Despite controlling both Houses of Congress and the presidency, the Republicans are beset by internal divisions. As a result, they are finding it hard to “pay for” the tax cuts with any reduction in tax expenditures (incentives for various activities such as corporate borrowing, mortgage financing, or retirement saving). But Republicans are deeply committed to gigantic tax cuts, in large part because their donors are demanding that they enact them. As a result, the US will merely end up with bigger budget deficits.

Facts used to matter in Washington, at least a little bit. But this is no longer the case in the age of Trump, at least not when it comes to taxes. Instead, the strategy has been to state, in a bald-faced manner whatever one wants to believe and heap ill-mannered abuse on anyone who cites evidence to the contrary.

In Chapter 3 of White House Burning, James Kwak and I reviewed what happened after the tax cuts enacted in 2001 under George W. Bush. Great promises were made about the cuts, including that they would help most Americans. But while they did help rich people become richer, there is no evidence that they delivered faster growth or higher incomes for the middle class. Instead, they boosted the budget deficit and contributed significantly to increasing the US national debt (by around $3 trillion through 2010), which weakened the government’s ability to respond to crises, either in terms of national security or financial instability.

I have testified repeatedly before Congress on matters of fiscal policy. During the financial crisis of 2008-2009, Republicans were certainly interested in the facts. But this quickly tapered off, most notably in the House of Representatives. In fact, Kevin Brady, the representative who told me most clearly that he was not interested in looking at even moderately inconvenient facts, is now Chair of the House Ways and Means Committee, which plays a key role in what happens with taxes.
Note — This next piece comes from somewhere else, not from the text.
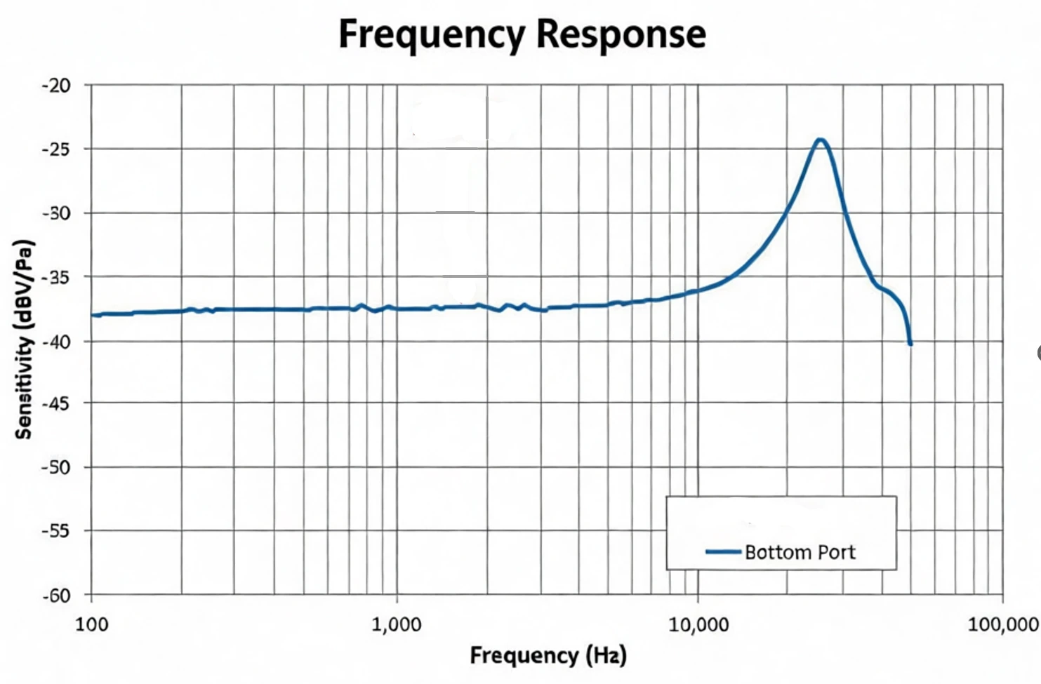 麦克风灵敏度随频率变化的曲线称为频率响应,表征了麦克风对不同频率声音的响应能力,如下图,为某底部开孔麦克风的频响曲线。

Ron Wyden, the senior Democrat on the Senate Finance Committee, calls the proposed Republican tax cuts “a middle-class con job.” He is being polite.

The cut in corporate taxes that the Republicans are likely to support will not boost wages significantly. As the Congressional Research Service, describing the broader blueprint put forward by House Speaker Paul Ryan, has put it, “the plan’s estimated output effects appear to be limited in size and possibly negative.”

Including all possible positive effects of the Republican proposals, the Tax Policy Center has concluded that federal government “revenue would fall by between $2.4 trillion and $2.5 trillion over the first ten years and by about $3.4 trillion over the second decade.”

The Trump administration has responded to this type of sensible, fact-based analysis in the way one has come to expect: by being rude.

American populism in the Trump era, though promising great gains for working people, will in fact benefit only those who are already rich. To be fair, this is quite a twist on anything Perón could have imagined pulling off. The results of irresponsible populism, however, are always the same.

Simon Johnson is a professor at MIT’s Sloan School of Management and the co-author of White House Burning: The Founding Fathers, Our National Debt, and Why It Matters to You.